# Logo-Animation für Film erstellen



## ARTex-Design (31. Juli 2005)

Hallo
Ich soll für einen Kumpel eine Logo-Animation für seine Hobbyfilmerei erstellen. Quasi so als Vorspann.
Name: Roses Filmbox

Da soll eine Kiste durch die Gegend laufen und dann auseinanderbechen. Anschliessend soll eine Rose erscheinen.. Das ganze in Trickfilmformat. Also keine realen Szenen..
Oder so ähnlich..   

Frage nun: Mit was für einem Programm kann man so eine Animation erstellen?
Bin da etwas überfordert.. :-( 

Danke für Antworten gibts im Vorraus  :suspekt: 

PeDDa


----------



## goela (31. Juli 2005)

Viele Wege führen nach Rom!

Ein Vorschlag:
Heutige Rendering-Programme habe oft einen sogenannten Cartoon-Renderer. Damit könntest Du den Zeichentrichfilm per 3D-Programm erstellen und rendern lassen.

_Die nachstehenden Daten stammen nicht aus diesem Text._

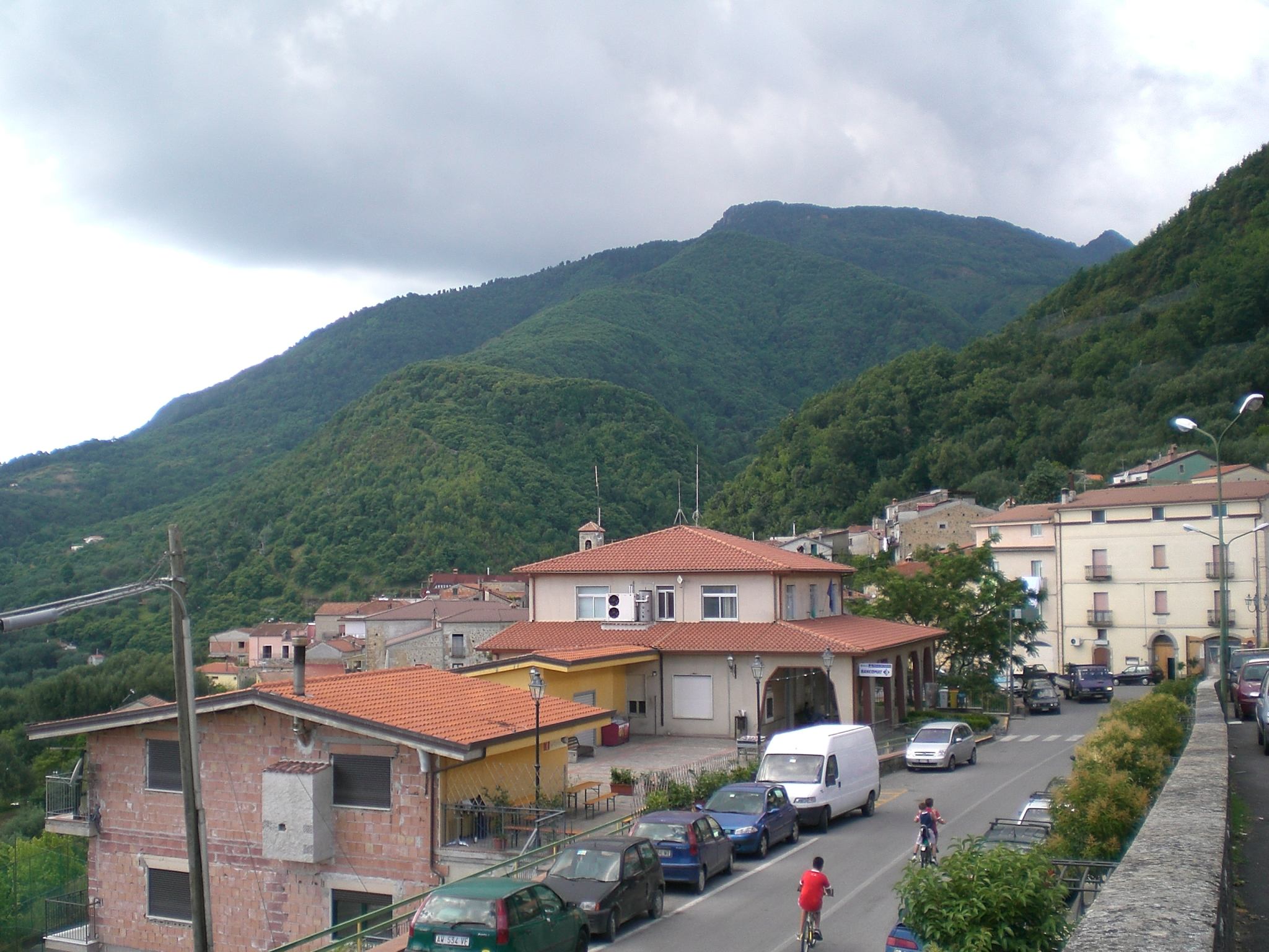 View of Laurito

Gibt aber sicherlich noch mehr Alternativen!


----------



## ARTex-Design (1. August 2005)

Ist so eine Animation auch in After Effects möglich?


----------



## chmee (1. August 2005)

nein oder vielleich jein .

Soll die Box Beine haben ? Sollen die Boxkanten als Beine fungieren ? Dann nein.
Muss in 3d gebaut und animiert werden.
Grundsätzlich hört sich das nach ner 3D-Aufgabe an, nicht nach einer Compositing-Arbeit.

mfg chmee


----------



## Chrisu (2. August 2005)

Ähm ... kurze Frage: warum sollte es mit AfterEffects nicht möglich sein, wenn die Box Beine hat. Also so ganz kann ich das jetzt nicht verstehen. Was hat das ganze mit Beinen zu tun? Im Prinzip ist mit AFX fast alles möglich. Es kommt immer nur darauf an wieviel Zeit man in eine Aufgabe investieren will. 

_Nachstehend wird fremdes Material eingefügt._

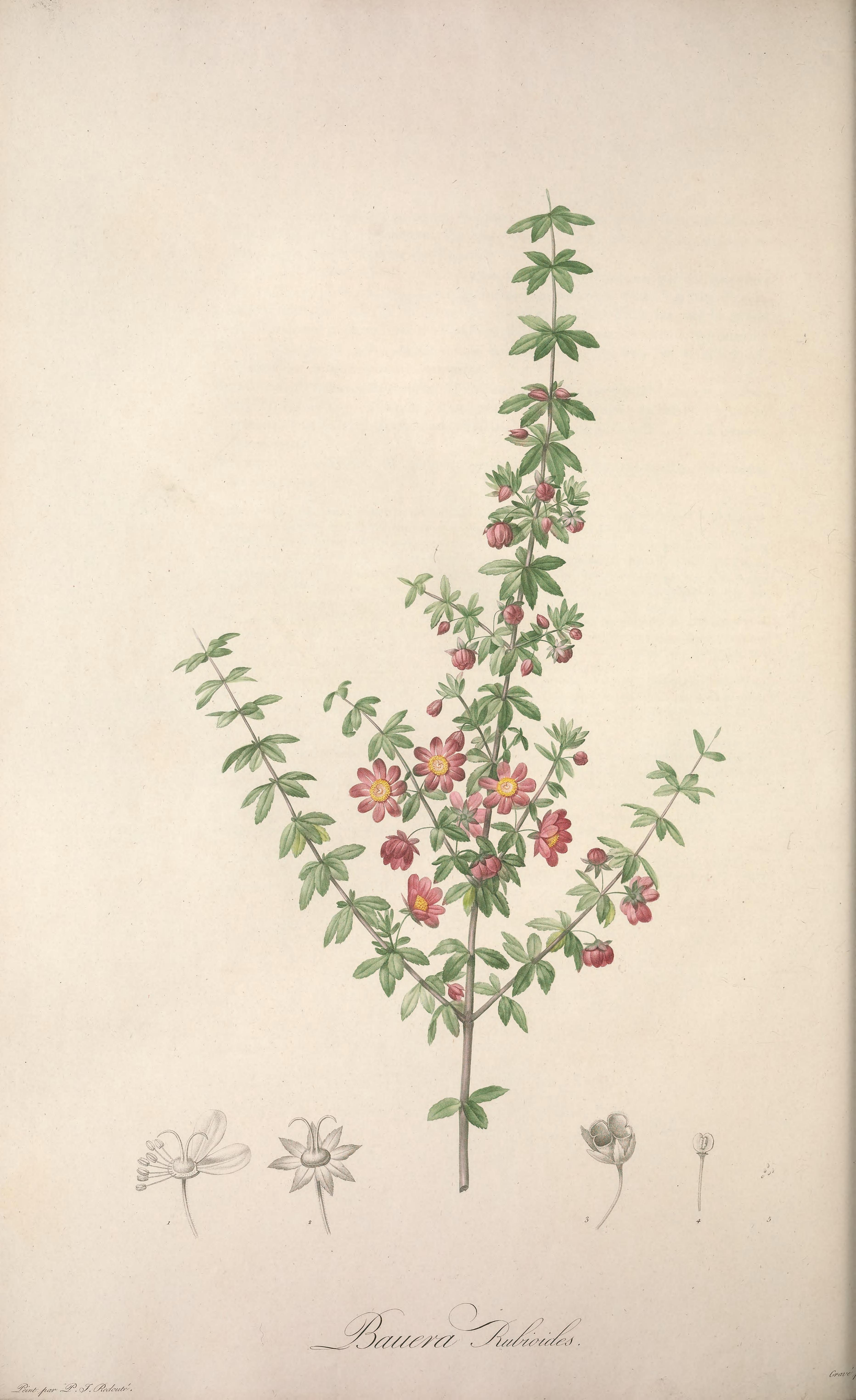 Bauera rubioides

Und hier der Link zu einem Tutorial, wie man eine sich bewegende Spinne in AFX erstellt:
--> LINK

Solange dir der 2D Look reicht, wirst du auch mit AFX auskommen. Willst du das ganze etwas plastischer haben, dann kommst du um ein 3D Programm nicht herum. Oder du heuerst dir ein paar gute Zeicher aus z.B. Fernost an, die dir einen Zeichentrickfilm zeichen ;-) 

So long,
Chrisu


----------



## goela (2. August 2005)

Beeindruckendes Endergebnis die laufende Spinne!


----------



## 27b-6 (2. August 2005)

Moin!

 Einfache 3D-Objekte sind natürlich auch in AFX möglich, je nachdem wieviel Arbeit Du investieren willst auch mit Beinen. 
 Hab mal auf die Schnelle eine 3D-Box zusammengeschustert, damit Du grob verstehst wie das gemeint ist.


----------



## chmee (2. August 2005)

@chrisu:
Deswegen sagte ich "grundsätzlich". Mit Frame by Frame Animation und Bipeds gehts schon.
Der Link ist toll und ein gutes Gegenbeispiel.

mfg chmee


----------



## Chrisu (3. August 2005)

@chmee:
Das mit dem "grundsätzlich" hab ich schon gelesen. Und dagegen ist ja auch nichts zu sagen. Ich wollte ja nur zeigen, dass mit AFX (fast) alles möglich ist. Ob man im Endeffekt dann wirklich AFX nutzen will, das ist ja eine andere Frage. Ich kann dir nur recht geben, ich persönlich würde es vermutlich auch mit einem 3D-Programm machen. Bei deiner Antwort hat mich nur das mit der Aussagen:



			
				chmee hat gesagt.:
			
		

> Soll die Box Beine haben ? Sollen die Boxkanten als Beine fungieren ? Dann nein.



etwas verwundert. Denn ich kann/konnte nicht nachvollziehen was das mit Beinen zu tun haben soll.
Nichts für ungut. War nicht bös gemeint und sollte nur zeigen, dass AFX manchmal mächtiger ist als es den Anschein macht.

So long,
Chrisu


----------